Je n’oublierai jamais : « On vous vaccinera de force. Moi je vous ferai emmener par deux policiers au centre de vaccination ». Emmanuel Lechypre, journaliste.
Je n’oublierai jamais : « Les devoirs valent avant les droits. » Emmanuel Macron
Je n’oublierai jamais : « Un irresponsable n’est plus un citoyen. » Emmanuel Macron
Je n’oublierai jamais le contrôle zélé de ce pass par nos semblables en mal d’autorité ou de supériorité.

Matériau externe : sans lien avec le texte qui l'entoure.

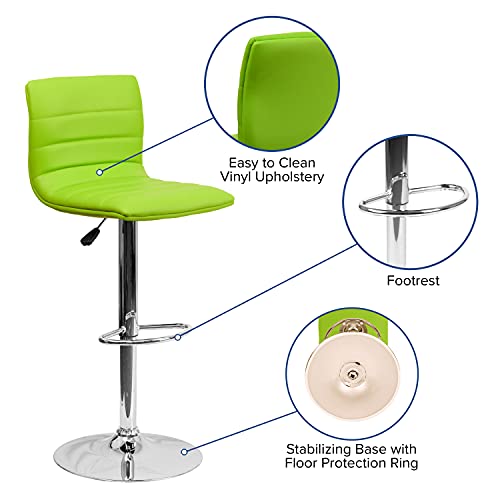 Flash Furniture - مقعد بار عصري قابل للتعديل فينيل مع ظهر من فلاش فيرنتشر، مقعد دوار بارتفاع المنضدة بقاعدة من الكروم، أخضر، عبوة من قطعة واحدة، CH-92023
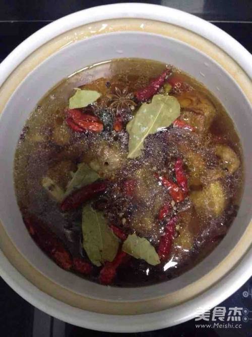 将排骨全部倒入砂锅。放入凉水,香叶,桂皮,花椒,辣椒,八角,大火炖20分钟,
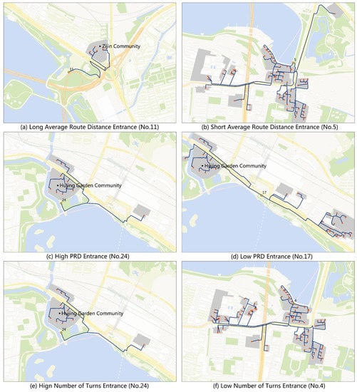 Cases of indices of entrances: (a) long average route distance entrance; (b) short average route distance entrance; (c) high PRD entrance; (d) low PRD entrance; (e) high number of turns entrance; and (f) low number of turns entrance (Base map from Tianditu Map).
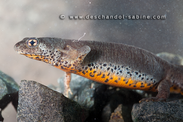 : Triton alpestre (Ichthyosaura alpestris apuanus), femelle, Rallio, Italie.
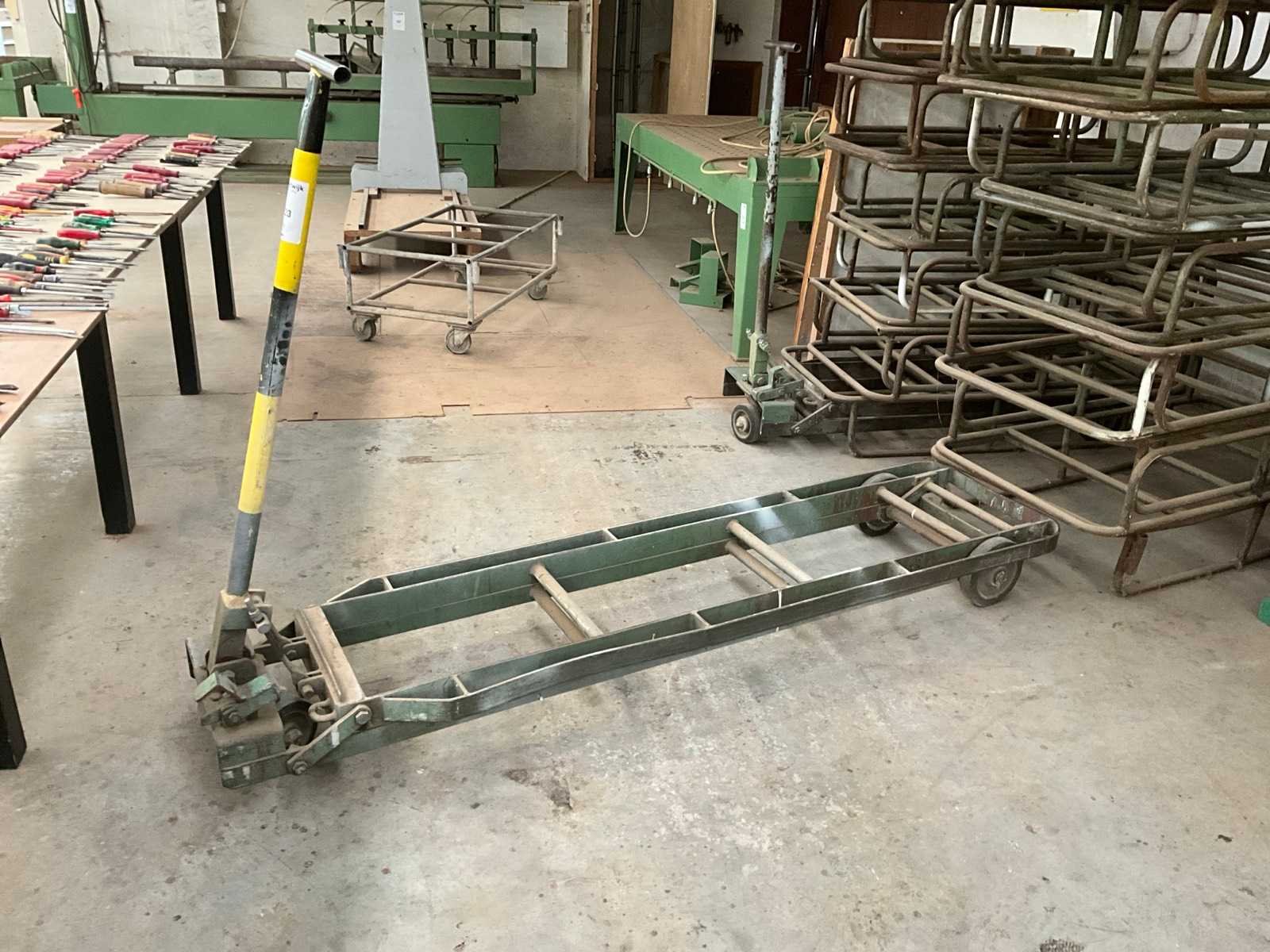 Bestaand uit circa 25 sledes afmetingen 70x130x23 cm + 2x transportwagen met mechanische hefinrichting Nee

Je n’oublierai jamais l’interdiction des hôpitaux aux malades en cours de traitement non détenteur d’un pass
Je n’oublierai jamais : « Greffer un non vacciné c’est gaspiller un organe. » Patrick Evrard, directeur du centre de transplantation de Mont-Godinne à Namur.
Je n’oublierai jamais Michel Onfray comparant les non-vaccinés à « des racailles, des contaminateurs conscients d’avoir le Sida ou des violeurs de jeunes filles. »
Je n’oublierai jamais : « Faisons payer l’entrée en réanimation aux non vaccinés. » Charles Consigny, chroniqueur
Je n’oublierai jamais l’obligation vaccinale, au 15 septembre 2021, des soignants, des pompiers et des militaires faisant des réfractaires à cette obligation des « suspendus ».
Je n’oublierai jamais les soignants applaudis puis suspendus, sans aucune ressource ni indemnité, puisque privés aussi de licenciement.
Je n’oublierai jamais la passivité, la léthargie et l’acceptation du peuple
Je n’oublierai jamais : « Eh bien là, les non-vaccinés, j’ai très envie de les emmerder. Je ne vais pas les mettre en prison, je ne vais pas les vacciner de force. Et donc, il faut leur dire: à partir du 15 janvier 2022, vous ne pourrez plus aller au restau, vous ne pourrez plus prendre un canon, vous ne pourrez plus aller boire un café, vous ne pourrez plus aller au théâtre, vous ne pourrez plus aller au ciné… » Emmanuel Macron.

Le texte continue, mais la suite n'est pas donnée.